Tiara berjalan gontai ke dapur dimana anak-anak sudah menunggu. Tiara menarik kursi yang biasa ia tempati. Mengambil nasi dan lauk untuk Anggrek dan Lily. Baru mengambil makanan untuk dirinya sendiri. Tiara dapat melihat tanda tanya di wajah kedua putrinya melihat ia datang sendiri ke dapur. Tidak ada Rian yang menyusul.
“Ayah belum bangun Bu?” Anggrek melongokan kepalanya. Berharap melihat Rian turun dari sudut tangga yang masih terlihat dari dapur.
“Kok Ayah nggak makan sama kita?” Lily ikut bertanya dengan suara yang menggemaskan. Tiara bingung harus menjawab apa. Dia masih terdiam. Memikirkan alasan kenapa Rian melewatkan sarapan bersama mereka.
“Ayah belum pulang. Tadi malam baru telepon kalau harus pergi keluar kota untuk menemani bosnya.”
“Yaaah,” seru Lily kecewa.
Hari itu bergulir cepat. Langit cerah berubah gelap. Tiara hendak bertanya pada Rian saat ia pulang ke rumah. Namun sama seperti hari sebelumnya, Rian tidak pulang hingga tengah malam. Tiara baru melihat keberadaan suaminya saat bangun hendak salat subuh. Rian juga tidak mau lagi salat berjamaah dengan keluarga kecilnya.

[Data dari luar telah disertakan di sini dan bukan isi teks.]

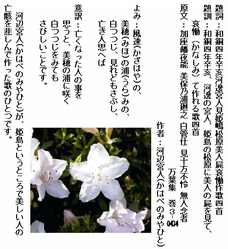 巻3-0434: 風早の美穂の浦廻の白つつじ見れども寂しなき人思へば

Perubahan sikap Rian juga dirasakan oleh anak-anak. Pria itu menjadi tak acuh pada Anggrek dan Lily. Hari demi hari sudah berlalu. Genap sebulan perubahan sikap Rian. Berulang kali, Tiara bertanya, pria itu memilih bungkam. Jika sebelumnya Rian akan menatap Tiara marah, Rian menjadi jadi mengabaikan keberadaan sang istri.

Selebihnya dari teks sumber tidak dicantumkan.